* To do: What is needed is a word-for-word copy of every record below, minus the pictures.

* Items listed in a dataset:

[Start of section]

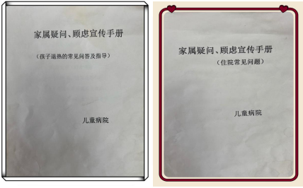 为贯彻落实医院“六个多”服务举措,科室在儿科门诊安装一体化卡通坐椅,缓解患儿由于医疗环境导致的焦虑恐惧情绪,视觉分散注意力,降低心理抗拒,减轻治疗痛觉感知,并缩短治疗时间,减轻家长负担;门诊输液间及病房包裹防撞条,增加患者安全防护,避免意外伤害,同时可以加强医护职业防护,保护设备与环境;优化科普新医保政策,更新科普内容,方便家属随时阅览,提升育儿知识;量身打造住院患儿宣传手册,方便家长闲暇时根据自身情况合理安排阅读时间,了解更多的育儿知识,减轻家长的焦虑情绪。
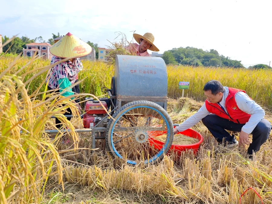 今年7月份,惠州首次引進(jìn)多功能精量氣播(旱播)機(jī),在撂荒地上示范種植節(jié)水抗旱稻,如今正是晚稻收獲的季節(jié),11月7日上午,在惠城區(qū)汝湖鎮(zhèn)仍北村,惠州市農(nóng)業(yè)農(nóng)村綜合服務(wù)中心聯(lián)合惠城區(qū)農(nóng)業(yè)技術(shù)推廣中心對(duì)節(jié)水抗旱稻進(jìn)行測(cè)產(chǎn),結(jié)果顯示,我市節(jié)水旱稻機(jī)械直播技術(shù)測(cè)產(chǎn)畝產(chǎn)最高達(dá)1061.76斤(濕谷)。此次旱稻測(cè)產(chǎn)平均產(chǎn)量超過全市水稻平均畝產(chǎn)水平,旱稻種植經(jīng)驗(yàn)做法值得在惠州進(jìn)行示范推廣。
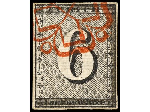 ° SUIZA. Yv. 10, Zu. 2W. 1843. 6 Rp. negro, mat. roseta, líneas de fondo horizontal. Buenos márgenes y gran calidad. PIEZA DE LUJO. Cert. MOSER y RELLSTAB. Cat. 1.700€.
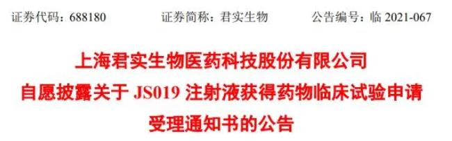 [1]上海君实生物医药科技股份有限公司自愿披露关于 JS019 注射液获得药物临床试验申请受理通知书的公告. Retrieved Oct 21,2021, from https://pdf.dfcfw.com/pdf/H2_AN202110211524129828_1.pdf?1634835924000.pdf
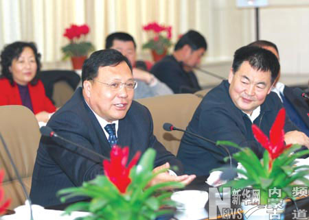 1月21日,自治區黨委副書記岳福洪(左)與出席自治區十一屆人大一次會議的巴彥淖爾市代表審議政府工作報告。群英攝
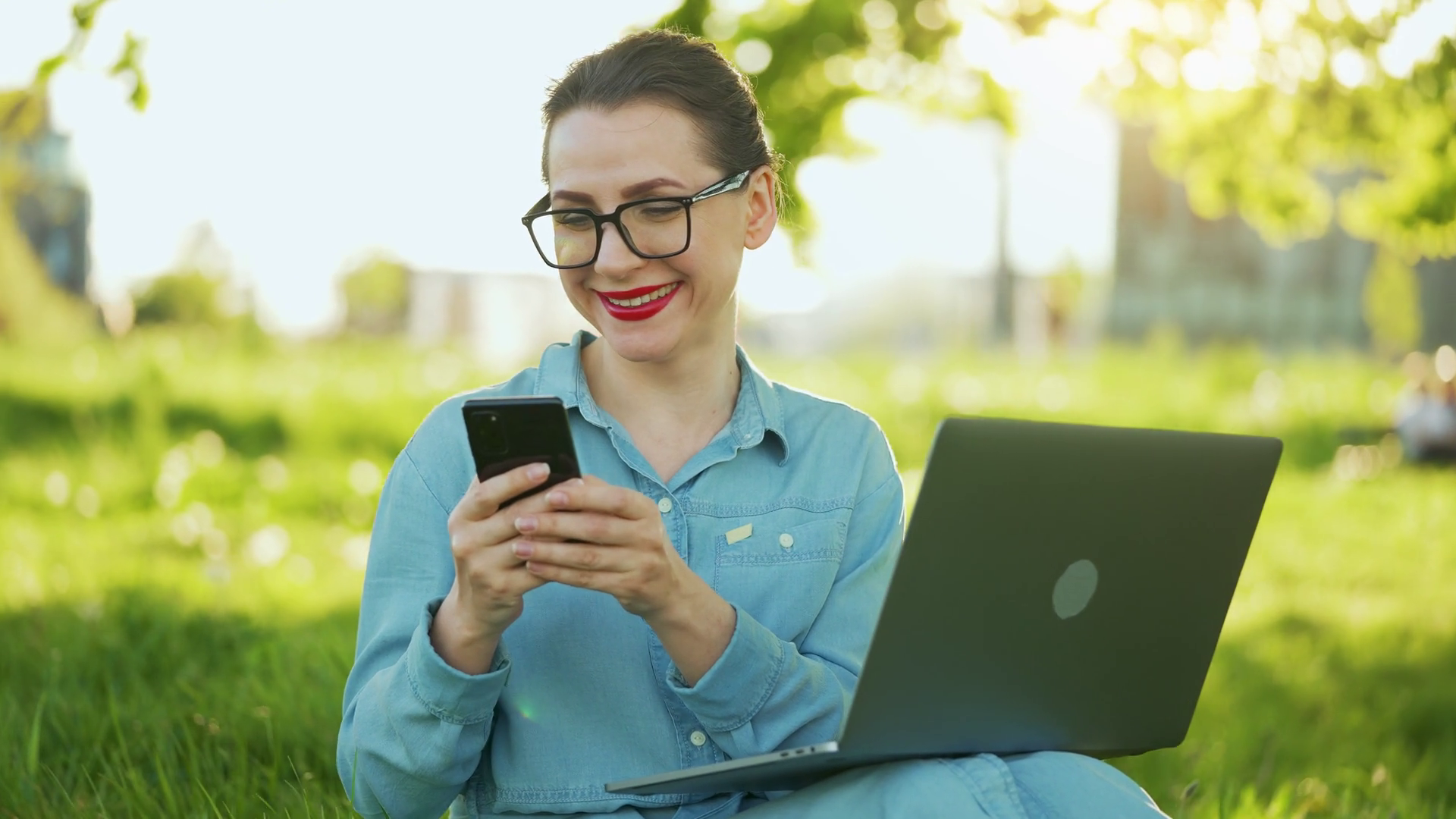 Busy Woman Working At The Laptop And Using Smartphone In The ParkÂ
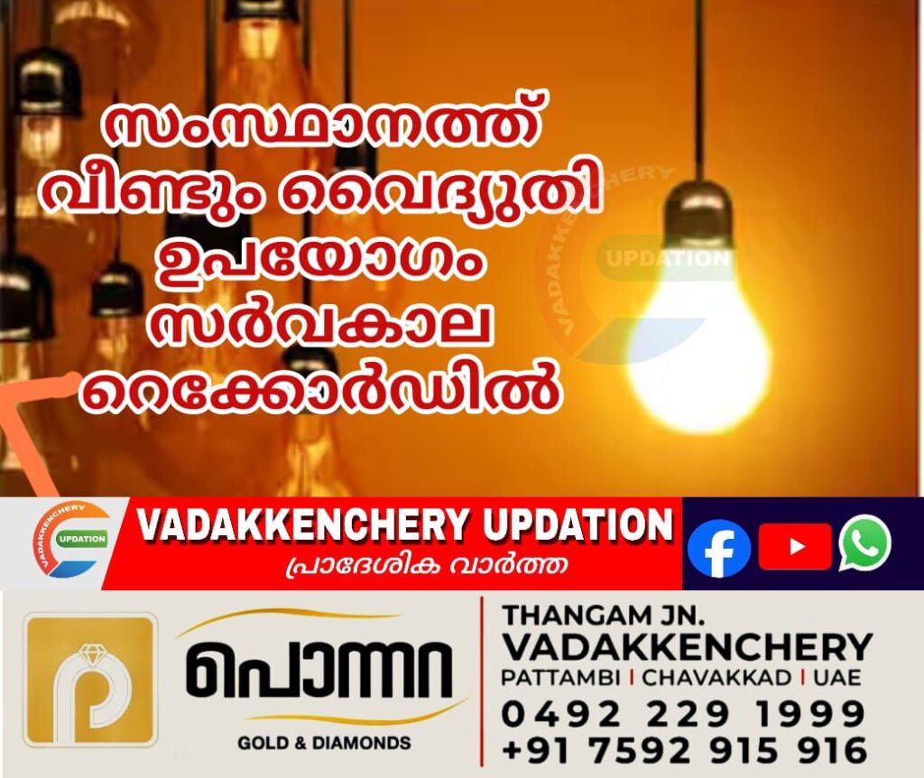 സംസ്ഥാനത്ത് വീണ്ടും വൈദ്യുതി ഉപയോഗം സർവകാല റെക്കോർഡിൽ. ഇന്നലത്തെ ആകെ ഉപയോഗം 108.22 ദശലക്ഷം യൂണിറ്റ് എത്തി. പീക് ടൈമിലെ ആവശ്യകതയും റെക്കോർഡിലാണ്. ഇന്നലെ വൈകിട്ട് ആറ് മണി മുതൽ 11 മണി വരെ 5364 മെഗാവാട്ട് വൈദ്യുതി ആണ് ആവശ്യമായി വന്നത്. ഈ മാസം മൂന്നിന് ആണ് ഇതിന് മുമ്പ് ഏറ്റവും അധികം വൈദ്യുതി ഉപയോഗം ഉണ്ടായത്. കഴിഞ്ഞ ഒരാഴ്ച ആയി പ്രതിദിന വൈദ്യുതി ഉപയോഗം 100 ദശലക്ഷം യൂണിറ്റിന് മുകളിൽ ആണ്. സംസ്ഥാനതിന്റെ പ്രത്യേക സാഹചര്യം കണക്കിൽ എടുത്തു ഉപഭോക്താക്കൾ വൈദ്യുതി ഉപയോഗത്തിൽ നിയന്ത്രണം ഏർപ്പെടുത്തണം എന്നാണ് കെഎസ്ഇബി യുടെ നിർദേശം.
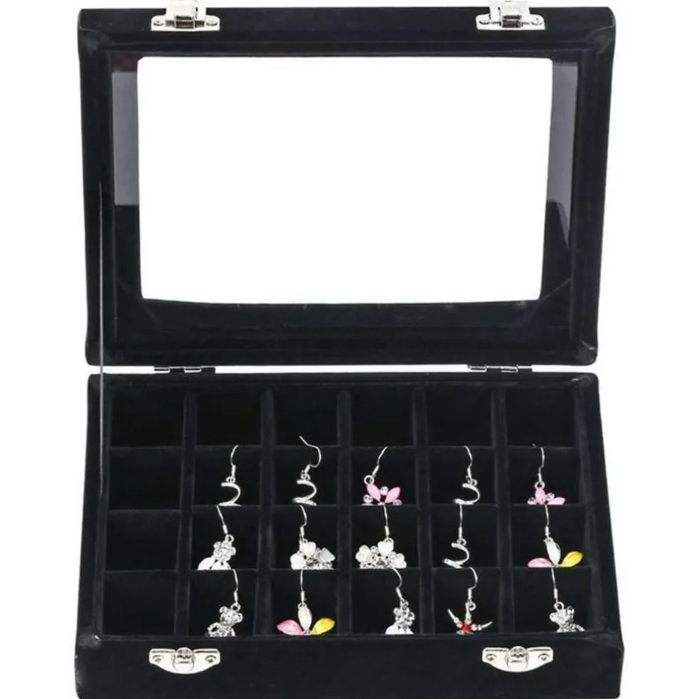 Fint smykkeskrin fra UNIQ i sort velour som indeholder 24 rum. I skrinet er der glasrude, så du altid kan se dine smykker. Den kan bruges til at opbevare dine ringe, halskæder, øreringe og meget mere.
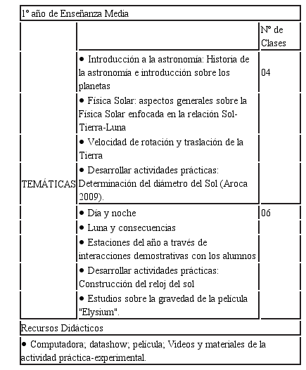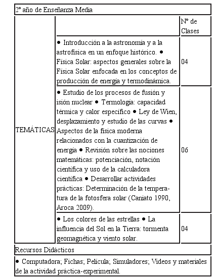 La SEA orientada al 2º año de la Enseñanza Media fue desarrollada en un total de 14 clases, en dos grupos. El profesor inició las actividades enfocando estas temáticas por medio de un abordaje histórico y ampliando su estudio a través del estudio de los aspectos generales sobre la Física Solar, teniendo en cuenta que los alumnos aún no habían estudiado tópicos de Astronomía y Astrofísica. Los temas curriculares abordados fueron: concepto de calor, capacidad térmica y calor específico, procesos de cambio de calor, efecto invernadero, radiaciones electromagnéticas, propagación y características de la luz y astronomía. Frente a los enfoques realizados, se empleó una película, simuladores, videos y materiales de la actividad práctica-experimental (Tabla 3).
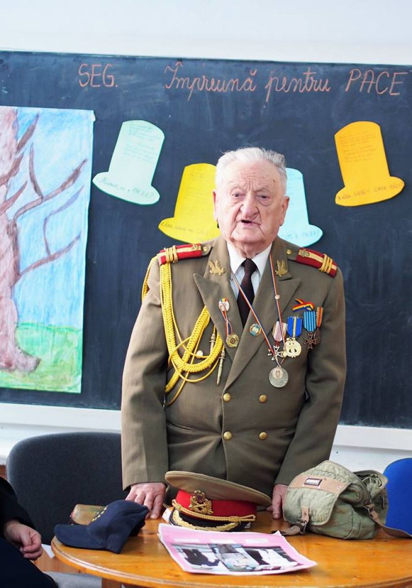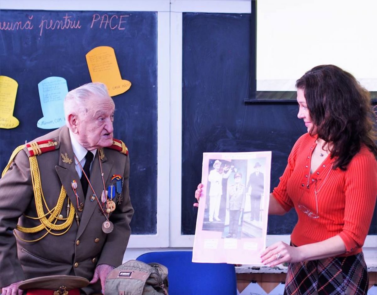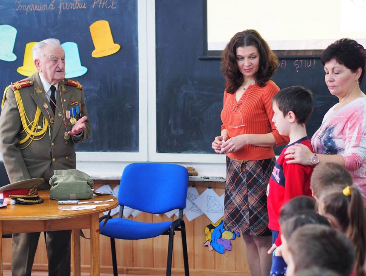 ”Ați vrut să mergeți la război?”, ”La câte bătălii ați participat?”, ”Ați fost rănit?”, ”Cu ce arme v-ați luptat?” Invitatul, având multe lupte grele la activ, a povestit copiilor, cu exemple dramatice din viața sa de ostaș, despre ororile de neînchipuit ale războiului: pierderea camarazilor pe câmpul de luptă, depărtarea de familie și de cei apropiați, mijloacele crude a a-ți ucide semenii, dorința de a-ți apăra țara și speranța de a scăpa cu viață. În final, a conchis că războiul este un lucru dureros și inuman, iar pacea e bună pentru că asigură condiții pentru împlinirea și fericirea semenilor.
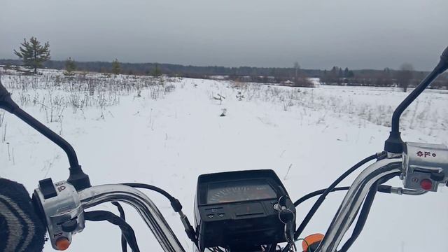 Мопед ЗиД 50 куб. испытание на поле глубоком снегу . выпал снег весной до 15 см

[End of section]

* Answer for this exercise:
 为贯彻落实医院“六个多”服务举措,科室在儿科门诊安装一体化卡通坐椅,缓解患儿由于医疗环境导致的焦虑恐惧情绪,视觉分散注意力,降低心理抗拒,减轻治疗痛觉感知,并缩短治疗时间,减轻家长负担;门诊输液间及病房包裹防撞条,增加患者安全防护,避免意外伤害,同时可以加强医护职业防护,保护设备与环境;优化科普新医保政策,更新科普内容,方便家属随时阅览,提升育儿知识;量身打造住院患儿宣传手册,方便家长闲暇时根据自身情况合理安排阅读时间,了解更多的育儿知识,减轻家长的焦虑情绪。
 今年7月份,惠州首次引進(jìn)多功能精量氣播(旱播)機(jī),在撂荒地上示范種植節(jié)水抗旱稻,如今正是晚稻收獲的季節(jié),11月7日上午,在惠城區(qū)汝湖鎮(zhèn)仍北村,惠州市農(nóng)業(yè)農(nóng)村綜合服務(wù)中心聯(lián)合惠城區(qū)農(nóng)業(yè)技術(shù)推廣中心對(duì)節(jié)水抗旱稻進(jìn)行測(cè)產(chǎn),結(jié)果顯示,我市節(jié)水旱稻機(jī)械直播技術(shù)測(cè)產(chǎn)畝產(chǎn)最高達(dá)1061.76斤(濕谷)。此次旱稻測(cè)產(chǎn)平均產(chǎn)量超過全市水稻平均畝產(chǎn)水平,旱稻種植經(jīng)驗(yàn)做法值得在惠州進(jìn)行示范推廣。
 ° SUIZA. Yv. 10, Zu. 2W. 1843. 6 Rp. negro, mat. roseta, líneas de fondo horizontal. Buenos márgenes y gran calidad. PIEZA DE LUJO. Cert. MOSER y RELLSTAB. Cat. 1.700€.
 [1]上海君实生物医药科技股份有限公司自愿披露关于 JS019 注射液获得药物临床试验申请受理通知书的公告. Retrieved Oct 21,2021, from https://pdf.dfcfw.com/pdf/H2_AN202110211524129828_1.pdf?1634835924000.pdf
 1月21日,自治區黨委副書記岳福洪(左)與出席自治區十一屆人大一次會議的巴彥淖爾市代表審議政府工作報告。群英攝
 Busy Woman Working At The Laptop And Using Smartphone In The ParkÂ
 സംസ്ഥാനത്ത് വീണ്ടും വൈദ്യുതി ഉപയോഗം സർവകാല റെക്കോർഡിൽ. ഇന്നലത്തെ ആകെ ഉപയോഗം 108.22 ദശലക്ഷം യൂണിറ്റ് എത്തി. പീക് ടൈമിലെ ആവശ്യകതയും റെക്കോർഡിലാണ്. ഇന്നലെ വൈകിട്ട് ആറ് മണി മുതൽ 11 മണി വരെ 5364 മെഗാവാട്ട് വൈദ്യുതി ആണ് ആവശ്യമായി വന്നത്. ഈ മാസം മൂന്നിന് ആണ് ഇതിന് മുമ്പ് ഏറ്റവും അധികം വൈദ്യുതി ഉപയോഗം ഉണ്ടായത്. കഴിഞ്ഞ ഒരാഴ്ച ആയി പ്രതിദിന വൈദ്യുതി ഉപയോഗം 100 ദശലക്ഷം യൂണിറ്റിന് മുകളിൽ ആണ്. സംസ്ഥാനതിന്റെ പ്രത്യേക സാഹചര്യം കണക്കിൽ എടുത്തു ഉപഭോക്താക്കൾ വൈദ്യുതി ഉപയോഗത്തിൽ നിയന്ത്രണം ഏർപ്പെടുത്തണം എന്നാണ് കെഎസ്ഇബി യുടെ നിർദേശം.
 Fint smykkeskrin fra UNIQ i sort velour som indeholder 24 rum. I skrinet er der glasrude, så du altid kan se dine smykker. Den kan bruges til at opbevare dine ringe, halskæder, øreringe og meget mere.
 La SEA orientada al 2º año de la Enseñanza Media fue desarrollada en un total de 14 clases, en dos grupos. El profesor inició las actividades enfocando estas temáticas por medio de un abordaje histórico y ampliando su estudio a través del estudio de los aspectos generales sobre la Física Solar, teniendo en cuenta que los alumnos aún no habían estudiado tópicos de Astronomía y Astrofísica. Los temas curriculares abordados fueron: concepto de calor, capacidad térmica y calor específico, procesos de cambio de calor, efecto invernadero, radiaciones electromagnéticas, propagación y características de la luz y astronomía. Frente a los enfoques realizados, se empleó una película, simuladores, videos y materiales de la actividad práctica-experimental (Tabla 3).
 ”Ați vrut să mergeți la război?”, ”La câte bătălii ați participat?”, ”Ați fost rănit?”, ”Cu ce arme v-ați luptat?” Invitatul, având multe lupte grele la activ, a povestit copiilor, cu exemple dramatice din viața sa de ostaș, despre ororile de neînchipuit ale războiului: pierderea camarazilor pe câmpul de luptă, depărtarea de familie și de cei apropiați, mijloacele crude a a-ți ucide semenii, dorința de a-ți apăra țara și speranța de a scăpa cu viață. În final, a conchis că războiul este un lucru dureros și inuman, iar pacea e bună pentru că asigură condiții pentru împlinirea și fericirea semenilor.
 Мопед ЗиД 50 куб. испытание на поле глубоком снегу . выпал снег весной до 15 см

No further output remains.